Oh, and I have a new logo. Did you notice? The Punk Queen has served me well over the course of her two iterations. I’ll miss the old girl, she really helped to establish the brand of this blog, if I can use that phrase without vomiting. (I can’t. Back in a minute.)
(…OK, good to go.) But it’s time to farewell Her Majesty, as just as we will probably farewell her real-life human inspiration sometime within the next twenty years. Don’t come at me, I’m just calling it as I see it.
Anyway… meet the new Punk! He’s less serious, more excited, a little closer to me in real life, and he’ll come in very handy for some plans I’m cooking up. But just like me, he also respects philatelic tradition. You might notice he’s still on the same Punk-red stamp, he is still denominated PP, and he is even the same colour as the background of the first version of this website. I’m not actually that sentimental, it just happened to work.
I’m going to run off now and write some more posts while I can. Thanks heaps for your ongoing support of the blog, thanks even more for your patience, and don’t hesitate to drop a comment below or say hi on social media. And if you’re one of the many collectors out there sharing your passion and keeping me entertained on my bleary-eyed late-night train rides home over the last few months, thank YOU for what you do.
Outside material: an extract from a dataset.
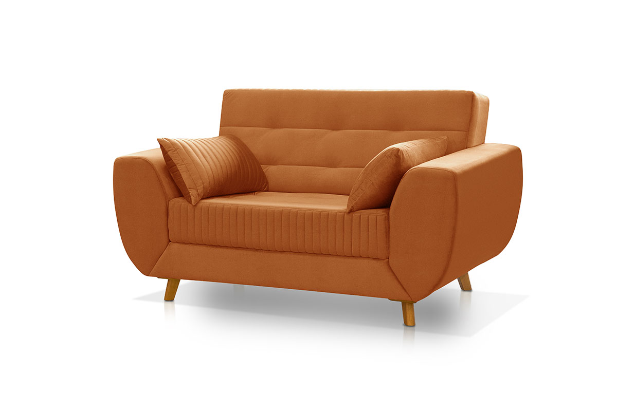 Especificações: Estrutura - Madeira de reflorestamento (eucalipto) Assento - Percintas elásticas e espuma D26 Revestimento - Assento e encosto bordado Almofadas - Fibra Siliconada Pés de madeira Tecido - TVL20

Philately will never have the numbers that it once did, but it is indisputably undergoing a generational change and I am totally here for it. (Except when I’m not.)
1 Full disclosure: this blog began as a personal creative challenge written in a fictional persona which led to a tangled web of lies involving pseudonymous emails and ultimately a concocted handover from the fictional persona to the real-life writer before I finally came clean and although I completely own my actions now, I never fully addressed it on the blog because by then at least half of Punk’s followers had never known the fictional persona, and if you’re an OG reader who hadn’t caught up on all that and you now feel retrospectively cheated, I apologize profusely, because I swear I never set out intending to deceive anyone, one thing led to another et cetera, let’s put that all behind us shall we, why dredge all that up now? Alternative take: how punk is THAT? Hey, show me your stamps!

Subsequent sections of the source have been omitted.